> **Listed entries**
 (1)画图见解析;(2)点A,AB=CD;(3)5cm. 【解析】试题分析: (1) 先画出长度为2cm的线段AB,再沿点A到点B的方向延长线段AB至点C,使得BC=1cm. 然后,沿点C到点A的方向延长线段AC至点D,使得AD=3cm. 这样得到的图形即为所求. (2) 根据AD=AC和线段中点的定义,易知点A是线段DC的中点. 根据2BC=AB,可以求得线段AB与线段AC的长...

...

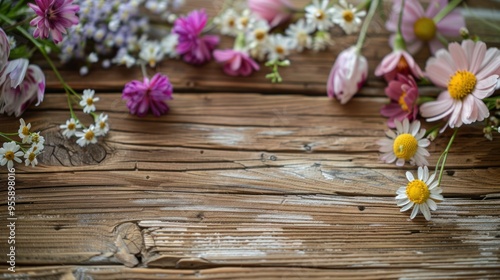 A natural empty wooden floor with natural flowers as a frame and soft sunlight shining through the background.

--

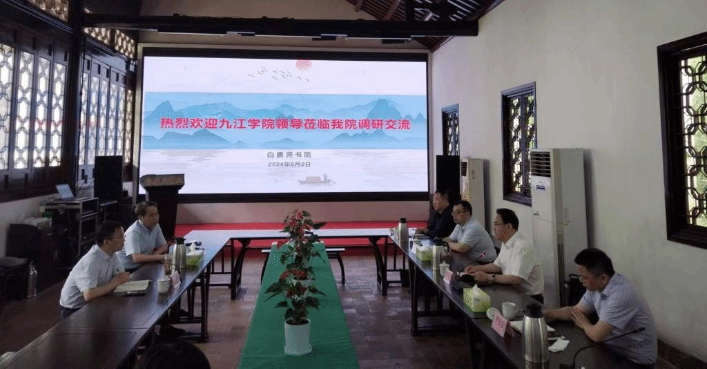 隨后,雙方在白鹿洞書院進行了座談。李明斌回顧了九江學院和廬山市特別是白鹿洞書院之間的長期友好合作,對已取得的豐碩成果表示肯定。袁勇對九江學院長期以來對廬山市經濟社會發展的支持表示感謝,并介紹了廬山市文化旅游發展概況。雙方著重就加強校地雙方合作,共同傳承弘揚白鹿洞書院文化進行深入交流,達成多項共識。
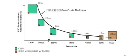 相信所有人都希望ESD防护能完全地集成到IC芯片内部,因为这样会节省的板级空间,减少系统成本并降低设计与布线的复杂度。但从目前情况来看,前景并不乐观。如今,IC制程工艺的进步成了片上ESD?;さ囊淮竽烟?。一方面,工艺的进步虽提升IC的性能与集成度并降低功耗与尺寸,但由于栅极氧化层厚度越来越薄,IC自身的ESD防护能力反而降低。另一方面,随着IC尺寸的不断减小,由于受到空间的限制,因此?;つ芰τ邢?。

> **Action item**
Give back exactly, and solely, the section of the data above bounded by the line containing "隨后,雙方在白鹿洞書院進行了" and the line containing "相信所有人都希望ESD防护能", both bounding lines included and pictures omitted.

> **Answer section**
 隨后,雙方在白鹿洞書院進行了座談。李明斌回顧了九江學院和廬山市特別是白鹿洞書院之間的長期友好合作,對已取得的豐碩成果表示肯定。袁勇對九江學院長期以來對廬山市經濟社會發展的支持表示感謝,并介紹了廬山市文化旅游發展概況。雙方著重就加強校地雙方合作,共同傳承弘揚白鹿洞書院文化進行深入交流,達成多項共識。
 相信所有人都希望ESD防护能完全地集成到IC芯片内部,因为这样会节省的板级空间,减少系统成本并降低设计与布线的复杂度。但从目前情况来看,前景并不乐观。如今,IC制程工艺的进步成了片上ESD?;さ囊淮竽烟?。一方面,工艺的进步虽提升IC的性能与集成度并降低功耗与尺寸,但由于栅极氧化层厚度越来越薄,IC自身的ESD防护能力反而降低。另一方面,随着IC尺寸的不断减小,由于受到空间的限制,因此?;つ芰τ邢?。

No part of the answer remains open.